Arguments could be made for a better approach, but in my mind, this is a reasonable compromise that has the benefit of allowing the app to continue to be used offline.

Renaming or recolouring the list while offline

Some merge situations are a lot simpler to resolve.

If two users were to change their shared shopping list’s colour or name while offline, Shopping UK would simply apply the changes in the order they were made — the last one wins.

For example, Alice and Bob are both offline. Alice changes the list’s name to “Weekly Shop” a second before Bob renames the list to “Alice and Bob’s List”. When the devices re-join the network, each device will upload the “rename” change, and both devices will fetch the other person’s “rename”. On both devices, the operations will be applied in the same order. This will result in the list being called “Alice and Bob’s List”, because Bob made his change after Alice.

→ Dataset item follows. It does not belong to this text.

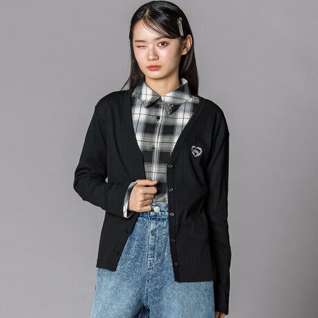 ドロスト脇がかわいく動くチェックシャツに、Vネックカーデの左袖刺しゅうがさりげなく主張してくれて、大人っぽいけど盛れ感はちゃんとキープ。

Easily Diagnosing problems

Things often went wrong while I was building the synchronisation solution — due to my misunderstanding, bugs, or undocumented iCloud behaviour.

Diagnosing the cause of the issue was not always easy.

Here’s some things that helped me.

Logging to Console

Having detailed logs available was essential for diagnosing problems. Many bugs cannot be found simply by capturing the current state of the system. It is often necessary to see how the state changed over time. Most of CloudKit’s calls are asynchronous and this adds to the complexity.

When writing code, I added “write-to-log” messages everywhere — for almost every path through the code. In many cases, these log messages became a substitute for code comments.

Add logging liberally

My logging framework has configurable verbosity. While developing, I set it to DEBUG mode, to show every message in the console. This meant I could see exactly what was happening internally, and in real-time. The logs showed every decision, the contents of every request, the contents of every response, error messages, everything.

Example of console logging

For the version released to the App Store, only ERROR messages and critical information is logged. This means logging won’t slow down normal operation.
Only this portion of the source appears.